Data supplied =>
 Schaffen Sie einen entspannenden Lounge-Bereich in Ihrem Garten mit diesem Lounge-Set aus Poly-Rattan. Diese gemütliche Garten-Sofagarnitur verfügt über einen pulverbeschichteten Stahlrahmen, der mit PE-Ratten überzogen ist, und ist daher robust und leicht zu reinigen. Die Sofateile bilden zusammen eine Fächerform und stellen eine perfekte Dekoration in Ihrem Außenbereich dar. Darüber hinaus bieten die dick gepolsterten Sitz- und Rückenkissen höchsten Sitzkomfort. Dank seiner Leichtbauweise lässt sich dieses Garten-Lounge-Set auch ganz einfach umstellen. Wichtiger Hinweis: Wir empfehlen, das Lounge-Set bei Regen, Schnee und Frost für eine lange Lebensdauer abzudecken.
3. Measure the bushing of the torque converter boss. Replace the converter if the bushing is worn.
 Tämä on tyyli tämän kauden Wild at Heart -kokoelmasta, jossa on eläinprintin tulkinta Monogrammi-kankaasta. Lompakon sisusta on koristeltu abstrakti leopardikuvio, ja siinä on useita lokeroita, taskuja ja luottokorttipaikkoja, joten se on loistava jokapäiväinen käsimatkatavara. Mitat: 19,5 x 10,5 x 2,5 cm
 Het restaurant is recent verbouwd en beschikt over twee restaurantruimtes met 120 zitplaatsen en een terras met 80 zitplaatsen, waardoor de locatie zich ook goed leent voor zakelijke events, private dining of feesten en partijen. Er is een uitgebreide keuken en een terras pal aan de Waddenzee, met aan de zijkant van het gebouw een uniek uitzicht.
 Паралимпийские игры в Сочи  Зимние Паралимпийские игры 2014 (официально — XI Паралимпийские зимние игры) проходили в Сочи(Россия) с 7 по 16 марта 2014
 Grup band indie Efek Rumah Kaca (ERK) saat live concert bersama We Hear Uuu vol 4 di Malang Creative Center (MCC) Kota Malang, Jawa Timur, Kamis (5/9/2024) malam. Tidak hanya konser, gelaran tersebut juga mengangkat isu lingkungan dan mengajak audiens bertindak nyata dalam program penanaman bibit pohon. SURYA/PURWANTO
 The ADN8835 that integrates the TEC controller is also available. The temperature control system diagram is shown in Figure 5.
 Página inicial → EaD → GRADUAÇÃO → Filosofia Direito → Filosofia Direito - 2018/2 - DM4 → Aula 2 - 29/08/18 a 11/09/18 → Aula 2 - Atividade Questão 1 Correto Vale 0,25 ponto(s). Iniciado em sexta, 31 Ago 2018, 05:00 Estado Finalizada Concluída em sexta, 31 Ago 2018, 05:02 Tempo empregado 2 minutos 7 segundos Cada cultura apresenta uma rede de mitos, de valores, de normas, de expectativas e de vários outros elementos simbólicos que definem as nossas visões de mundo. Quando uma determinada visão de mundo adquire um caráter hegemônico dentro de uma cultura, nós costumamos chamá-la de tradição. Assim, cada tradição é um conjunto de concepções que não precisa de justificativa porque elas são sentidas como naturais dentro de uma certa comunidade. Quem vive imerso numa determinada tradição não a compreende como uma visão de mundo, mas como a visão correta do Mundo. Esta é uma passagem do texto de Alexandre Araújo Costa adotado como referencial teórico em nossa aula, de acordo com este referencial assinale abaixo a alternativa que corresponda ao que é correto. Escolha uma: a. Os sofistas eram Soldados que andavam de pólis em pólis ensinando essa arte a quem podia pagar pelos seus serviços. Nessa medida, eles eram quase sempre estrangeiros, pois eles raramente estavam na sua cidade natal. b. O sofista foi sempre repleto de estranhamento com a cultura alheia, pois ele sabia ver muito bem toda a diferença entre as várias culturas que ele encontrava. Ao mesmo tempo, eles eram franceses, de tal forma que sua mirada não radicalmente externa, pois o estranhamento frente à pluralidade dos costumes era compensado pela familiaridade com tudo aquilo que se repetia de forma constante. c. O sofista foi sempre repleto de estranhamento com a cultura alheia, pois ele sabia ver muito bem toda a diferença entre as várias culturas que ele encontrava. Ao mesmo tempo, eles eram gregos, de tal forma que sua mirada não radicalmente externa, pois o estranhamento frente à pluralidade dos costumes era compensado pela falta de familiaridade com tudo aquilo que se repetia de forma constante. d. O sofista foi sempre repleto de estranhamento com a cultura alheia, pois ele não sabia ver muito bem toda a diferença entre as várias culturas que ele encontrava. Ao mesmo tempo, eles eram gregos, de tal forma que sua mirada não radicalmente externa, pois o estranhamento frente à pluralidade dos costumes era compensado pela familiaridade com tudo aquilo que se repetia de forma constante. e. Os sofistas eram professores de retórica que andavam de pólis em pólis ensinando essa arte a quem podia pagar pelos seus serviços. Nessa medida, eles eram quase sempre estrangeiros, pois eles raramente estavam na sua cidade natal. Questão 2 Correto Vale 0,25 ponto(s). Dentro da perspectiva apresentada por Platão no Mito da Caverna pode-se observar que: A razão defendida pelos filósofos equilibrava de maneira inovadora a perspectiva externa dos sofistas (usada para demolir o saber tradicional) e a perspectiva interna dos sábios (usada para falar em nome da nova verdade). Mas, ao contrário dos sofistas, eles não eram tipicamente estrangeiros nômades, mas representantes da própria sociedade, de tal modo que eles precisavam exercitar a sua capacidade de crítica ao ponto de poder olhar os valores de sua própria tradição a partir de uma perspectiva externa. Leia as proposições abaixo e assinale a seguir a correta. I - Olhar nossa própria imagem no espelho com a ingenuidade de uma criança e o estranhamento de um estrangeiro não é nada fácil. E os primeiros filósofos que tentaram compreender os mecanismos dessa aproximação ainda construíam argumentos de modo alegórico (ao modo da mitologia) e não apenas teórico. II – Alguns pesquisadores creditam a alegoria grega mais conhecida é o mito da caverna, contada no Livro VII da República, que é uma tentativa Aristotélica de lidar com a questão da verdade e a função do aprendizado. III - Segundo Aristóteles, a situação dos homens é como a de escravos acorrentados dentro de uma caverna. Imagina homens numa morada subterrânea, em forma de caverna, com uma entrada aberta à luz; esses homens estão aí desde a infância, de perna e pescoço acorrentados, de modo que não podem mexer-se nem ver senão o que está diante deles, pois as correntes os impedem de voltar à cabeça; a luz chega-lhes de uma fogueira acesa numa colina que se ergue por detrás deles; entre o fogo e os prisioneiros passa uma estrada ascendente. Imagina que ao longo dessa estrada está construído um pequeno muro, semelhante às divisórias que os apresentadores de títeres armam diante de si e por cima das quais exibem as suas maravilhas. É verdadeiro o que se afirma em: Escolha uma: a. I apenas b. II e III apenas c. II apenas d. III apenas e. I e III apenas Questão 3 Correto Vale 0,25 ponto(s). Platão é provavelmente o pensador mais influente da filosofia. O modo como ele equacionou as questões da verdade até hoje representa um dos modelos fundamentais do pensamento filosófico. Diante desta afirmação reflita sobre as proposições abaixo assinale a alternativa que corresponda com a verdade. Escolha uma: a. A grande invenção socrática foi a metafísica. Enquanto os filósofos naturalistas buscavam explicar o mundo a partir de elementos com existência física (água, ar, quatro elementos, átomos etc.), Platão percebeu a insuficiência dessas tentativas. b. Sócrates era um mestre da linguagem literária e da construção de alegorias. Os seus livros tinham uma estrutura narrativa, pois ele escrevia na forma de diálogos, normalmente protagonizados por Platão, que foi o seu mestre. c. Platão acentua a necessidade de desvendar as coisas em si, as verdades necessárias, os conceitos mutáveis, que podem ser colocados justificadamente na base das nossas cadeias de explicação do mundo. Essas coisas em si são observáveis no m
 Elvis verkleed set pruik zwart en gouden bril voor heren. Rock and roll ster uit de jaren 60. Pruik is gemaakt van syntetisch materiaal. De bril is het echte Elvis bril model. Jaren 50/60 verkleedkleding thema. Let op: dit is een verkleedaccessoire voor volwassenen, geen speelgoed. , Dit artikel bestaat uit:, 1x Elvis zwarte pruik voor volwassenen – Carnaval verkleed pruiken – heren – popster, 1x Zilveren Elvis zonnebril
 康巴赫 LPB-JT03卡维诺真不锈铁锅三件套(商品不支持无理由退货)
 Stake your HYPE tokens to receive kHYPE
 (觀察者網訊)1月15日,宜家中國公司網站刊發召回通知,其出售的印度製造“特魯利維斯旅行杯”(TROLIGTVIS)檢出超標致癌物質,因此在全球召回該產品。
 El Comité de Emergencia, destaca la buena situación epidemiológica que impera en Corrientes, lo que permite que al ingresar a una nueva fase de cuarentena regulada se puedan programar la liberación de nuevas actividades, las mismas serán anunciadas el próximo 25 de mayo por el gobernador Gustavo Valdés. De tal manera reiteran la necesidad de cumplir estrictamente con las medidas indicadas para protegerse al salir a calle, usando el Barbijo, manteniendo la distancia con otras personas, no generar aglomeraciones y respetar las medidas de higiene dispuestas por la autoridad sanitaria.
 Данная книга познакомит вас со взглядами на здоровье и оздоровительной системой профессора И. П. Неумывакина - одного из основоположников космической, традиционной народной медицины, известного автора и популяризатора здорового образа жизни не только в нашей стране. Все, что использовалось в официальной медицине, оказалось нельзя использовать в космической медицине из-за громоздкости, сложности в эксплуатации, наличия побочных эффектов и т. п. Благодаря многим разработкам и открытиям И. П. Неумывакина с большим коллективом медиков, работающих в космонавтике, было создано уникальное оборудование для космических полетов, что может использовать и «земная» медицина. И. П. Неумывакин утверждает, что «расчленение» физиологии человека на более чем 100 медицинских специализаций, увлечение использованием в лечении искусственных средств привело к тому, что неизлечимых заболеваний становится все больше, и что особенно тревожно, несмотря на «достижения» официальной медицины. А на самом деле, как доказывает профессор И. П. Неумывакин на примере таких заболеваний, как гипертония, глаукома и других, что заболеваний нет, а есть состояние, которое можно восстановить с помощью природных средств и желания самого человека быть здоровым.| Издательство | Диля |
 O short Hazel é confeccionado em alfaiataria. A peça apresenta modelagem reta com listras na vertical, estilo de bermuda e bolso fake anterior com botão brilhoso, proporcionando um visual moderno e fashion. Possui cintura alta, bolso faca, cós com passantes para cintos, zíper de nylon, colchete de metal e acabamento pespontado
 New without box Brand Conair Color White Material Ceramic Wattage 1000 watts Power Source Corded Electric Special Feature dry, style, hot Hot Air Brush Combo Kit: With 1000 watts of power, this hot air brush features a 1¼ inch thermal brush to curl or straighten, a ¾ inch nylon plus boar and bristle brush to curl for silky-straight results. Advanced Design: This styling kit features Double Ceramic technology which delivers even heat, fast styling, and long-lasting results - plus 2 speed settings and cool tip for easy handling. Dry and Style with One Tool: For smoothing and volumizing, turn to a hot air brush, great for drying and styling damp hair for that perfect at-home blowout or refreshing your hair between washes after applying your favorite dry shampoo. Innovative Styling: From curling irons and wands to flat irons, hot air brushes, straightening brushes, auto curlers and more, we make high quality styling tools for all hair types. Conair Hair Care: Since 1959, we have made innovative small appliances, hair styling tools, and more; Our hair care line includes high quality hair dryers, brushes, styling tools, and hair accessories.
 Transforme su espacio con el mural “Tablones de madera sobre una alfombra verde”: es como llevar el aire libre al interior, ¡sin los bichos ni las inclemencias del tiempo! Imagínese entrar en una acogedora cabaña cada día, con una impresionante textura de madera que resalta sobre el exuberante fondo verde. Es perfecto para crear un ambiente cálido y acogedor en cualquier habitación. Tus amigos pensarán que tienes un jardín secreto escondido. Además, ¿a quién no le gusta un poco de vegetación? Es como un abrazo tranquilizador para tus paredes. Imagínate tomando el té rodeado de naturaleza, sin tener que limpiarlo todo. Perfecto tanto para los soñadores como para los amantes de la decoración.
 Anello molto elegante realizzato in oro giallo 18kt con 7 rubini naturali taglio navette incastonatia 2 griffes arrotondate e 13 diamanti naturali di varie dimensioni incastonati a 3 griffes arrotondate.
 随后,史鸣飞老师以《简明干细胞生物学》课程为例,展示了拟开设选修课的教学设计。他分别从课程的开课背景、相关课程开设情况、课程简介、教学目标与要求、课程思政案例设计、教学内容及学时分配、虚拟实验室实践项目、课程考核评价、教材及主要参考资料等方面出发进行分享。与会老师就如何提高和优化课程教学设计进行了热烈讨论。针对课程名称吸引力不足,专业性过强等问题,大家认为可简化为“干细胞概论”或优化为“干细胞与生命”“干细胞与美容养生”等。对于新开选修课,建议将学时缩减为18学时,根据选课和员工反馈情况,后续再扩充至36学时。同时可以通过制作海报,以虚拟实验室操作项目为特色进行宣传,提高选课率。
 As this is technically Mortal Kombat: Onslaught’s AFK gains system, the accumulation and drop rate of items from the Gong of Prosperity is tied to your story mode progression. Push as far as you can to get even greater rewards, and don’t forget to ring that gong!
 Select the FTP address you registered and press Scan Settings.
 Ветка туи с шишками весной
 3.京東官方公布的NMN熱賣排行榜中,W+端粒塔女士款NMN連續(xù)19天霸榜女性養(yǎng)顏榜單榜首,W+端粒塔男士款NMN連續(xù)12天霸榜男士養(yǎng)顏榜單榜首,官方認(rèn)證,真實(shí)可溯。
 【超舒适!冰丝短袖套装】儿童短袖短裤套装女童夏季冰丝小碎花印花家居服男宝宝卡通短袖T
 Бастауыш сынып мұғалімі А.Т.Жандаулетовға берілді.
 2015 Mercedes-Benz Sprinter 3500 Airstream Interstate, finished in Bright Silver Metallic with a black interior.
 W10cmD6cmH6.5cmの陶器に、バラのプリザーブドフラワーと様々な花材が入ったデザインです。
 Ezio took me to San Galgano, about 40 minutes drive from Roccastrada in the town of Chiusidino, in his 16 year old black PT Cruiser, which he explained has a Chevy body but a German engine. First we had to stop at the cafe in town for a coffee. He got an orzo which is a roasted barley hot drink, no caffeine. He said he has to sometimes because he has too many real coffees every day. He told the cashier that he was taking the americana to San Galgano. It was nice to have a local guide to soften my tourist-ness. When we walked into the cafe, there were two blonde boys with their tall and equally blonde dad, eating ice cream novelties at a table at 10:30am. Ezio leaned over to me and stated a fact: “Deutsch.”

What you should do =>
Wherever "system" occurs in the records above, copy the line it sits in.

Result for this exercise =>
 The ADN8835 that integrates the TEC controller is also available. The temperature control system diagram is shown in Figure 5.
 As this is technically Mortal Kombat: Onslaught’s AFK gains system, the accumulation and drop rate of items from the Gong of Prosperity is tied to your story mode progression. Push as far as you can to get even greater rewards, and don’t forget to ring that gong!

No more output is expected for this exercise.